Catalyst Awardee

Project Description

A novel plaque stability prediction model research based on the radiomics and single-cell transcriptomics of pericarotid artery adipose tissue

Liu Bao, MD |Peking Unon Medical College Hosipital;  Shao Jiang, MS; Lai Zhichao, MD; Li Kang, MD; Xu Leyin, MD; Chen Junye; Du Fenghe; Wang Jiaxian; Zhu Zhan; Shu Keqiang
Competition Sponsor: Chinese Academy of Medical Sciences
Awardee Year: 2022

Carotid artery stenosis is an important cause of stroke. Unstable carotid plaque shedding is the main cause of stroke, which has a significant impact on the average life expectancy of the population. Therefore, there is an urgent need for early diagnosis of plaque stability. A large number of recent studies published in Lancet and other journals have confirmed that perivascular adipose tissue (PVAT) is an important factor leading to the aggravation of atherosclerosis. Our group and international studies have confirmed that PVAT inflammation occurs earlier than vascular endothelium. However, at present, the interaction mechanism between PVAT and plaque stability is still unclear, and there is a lack of effective means to determine the stability of carotid plaque before operation.

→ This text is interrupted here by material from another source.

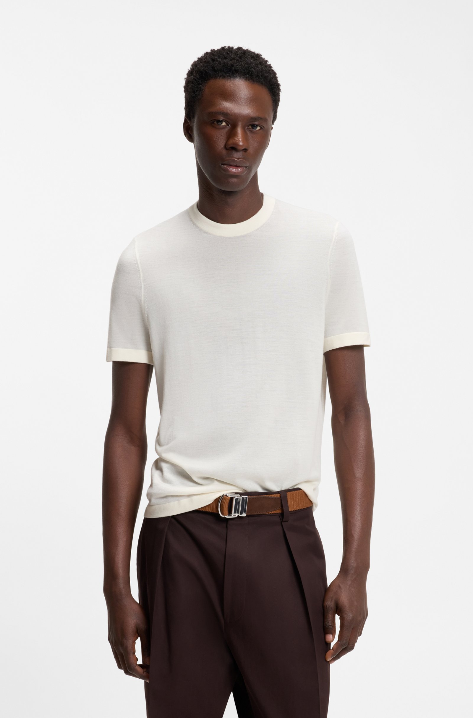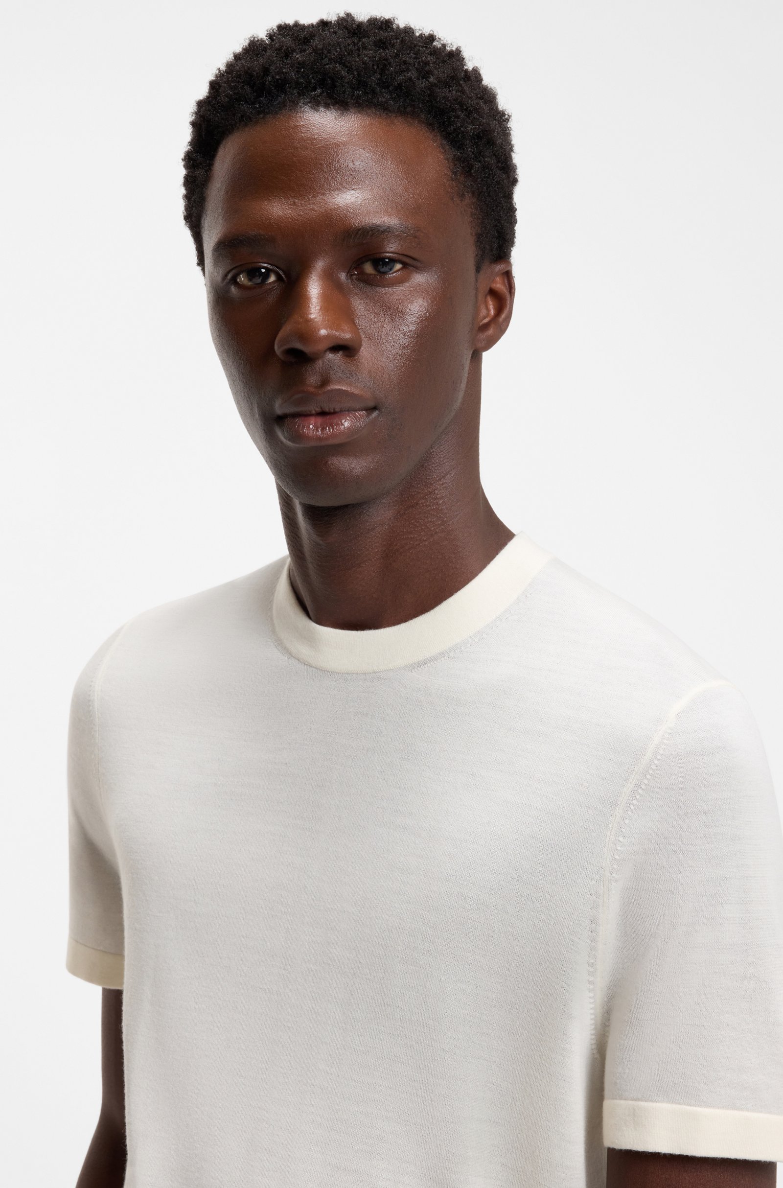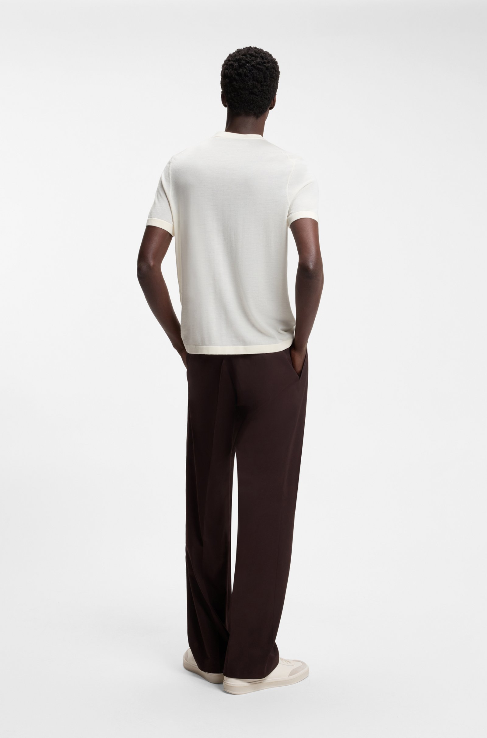 Herentrui van BOSS BY BECKHAM gebreid van natuurlijk ademende scheerwol met korte mouwen. Regular-fit model. BOSS BY BECKHAM is een verhaal van klassiekers in een nieuw jasje, geïnspireerd door David Beckhams kenmerkende stijl.

We have carried out plaque stability prediction research based on plaque CT radiomics and plaque 68Ga-FAPI PET/MRI. We has developed the preparation technology of PVAT single cell suspension which could meet the requirements of single cell RNA sequencing and formulated the original carotid artery PVAT image segmentation scheme for radiomics. In this study, we will further establish a cohort of patients with carotid artery stenosis to integrate the pathological section staining results of carotid plaque, PVAT radiomics and PVAT single cell RNA sequencing, which could determine the corresponding relationship between PVAT imaging characteristics and PVAT cellular components and differentially expressed genes. We will construct a novel prediction model of plaque stability based on PVAT imaging features through machine learning and to push the diagnostic boundary of carotid atherosclerotic disease forward.